The protocol in Gothenburg has some differences compared to the other centers in the ERSPC. All men in the Gothenburg trial, are randomized up-front, it means before the informed consent. The screening population was randomised from the entire population of men born between January 1, 1930 and December 31, 1944, living in the community of Gothenburg January 1, 1995. Of these all together approximately 32,000 men, 10,000 were randomized to a control group and 10,000 to a screening group. 28 men in the screening group and 27 men in the control group were found to already have diagnosis of prostate cancer registered in the regional Cancer Registry. This is a very low incidence of prevalent prostate cancer and reflects the very low rate of opportunistic PSA-screening in the Swedish population at that time. It means that this study group is a population who previously has not been exposed to PSA-screening. Men in the screening arm have been invited every second year for PSA-testing until they turn 70. From the beginning a cut-off of level of 3 ng/mL has been used for further work-up. Men who have a PSA < 3 ng/mL are not further examined (no digital rectal examination is part of this screening program). Men with elevated PSA (=>3 ng/mL) are invited for an examination by an experienced urologist. This examination includes medical history, digital rectal examination, transrectal ultrasound and laterally directed sextant biopsies of the prostate.
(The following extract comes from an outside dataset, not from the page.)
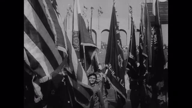 1956: AMERICAN LEGION. The inimitable Big Parade opens the 38th annual National Convention of the American Legion; the biggest and most spectacular ever staged. It's a ten hour Parade of Patriotism. (also in clip: Carol Morris; Miss Universe 1956)

The last invitations in the study were sent out in 2014. Men in the youngest age cohort (born 1944) have been invited 10 times for PSA-testing, men born 1942-1943 have been invited 9 times, while the oldest age cohort (born 1930-1931) have been invited 3 times.

During the 20 years the study has been running there have been some minor changes in the protocol.

  1. The PSA cut off was lowered with 17 % in 1999. This adjustment was carried out in order to harmonize with other ERSPC-centres who used the Hybritech assay instead (in Gothenburg the Wallac assay has been used throughout the study). If calibrated to WHO standardization, the PSA cut off was lowered from 3.4 to 2.9 ng/mL.
  2. In 2005 a second lowering of the PSA cut off with 13 % was performed. This corresponds to a lowering from 2.9 to 2.5 ng/mL in WHO calibrated values.
  3. In the first and second screening round men with PSA => 7 ng/mL were reexamined after six months with a new PSA. If the still had an elevated value, they were invited for new DRE, TRUS and biopsies.
  4. All men with PSA <1 ng/mL in screening round 2, apart from those born 1930-1931 (who participated for the last time in round 3),  were not invited in round 3. This step was carried out as results showed that no men who had PSA <1 ng/mL in the first screening round had PSA =>3 ng/mL in the second screening round.
  5. All men with PIN and ASAP were rebiopsied until round 5. From round 6 rebiopsies were only performed on men participating for the last time in the study.
  6. From round 8 the number of biopsy cores were changed from sextant biopsies to 10 template biopsies.

At the moment no further invitation take place. The study population is followed by annual linkage with the Cancer Registry as well as the Population Registry. In all men with prostate cancer important medical documentation is collected to define risk group at diagnosis and primary treatment. Furthermore, all men with prostate cancer are followed longitudinally from their medical case-books. Parametres such as time to progression and treatments are being recorded. Death certificates are collected in all deceased men and in those men with prostate cancer an independent Cause of Death Committee consisting of three members, assess the cause of death based on all available medical documentation.

Alltogether 7,655 men have participated at least once and 2,513 men have had at least one biopsy. A total of 1,051 men have been diagnosed with prostate cancer in the study.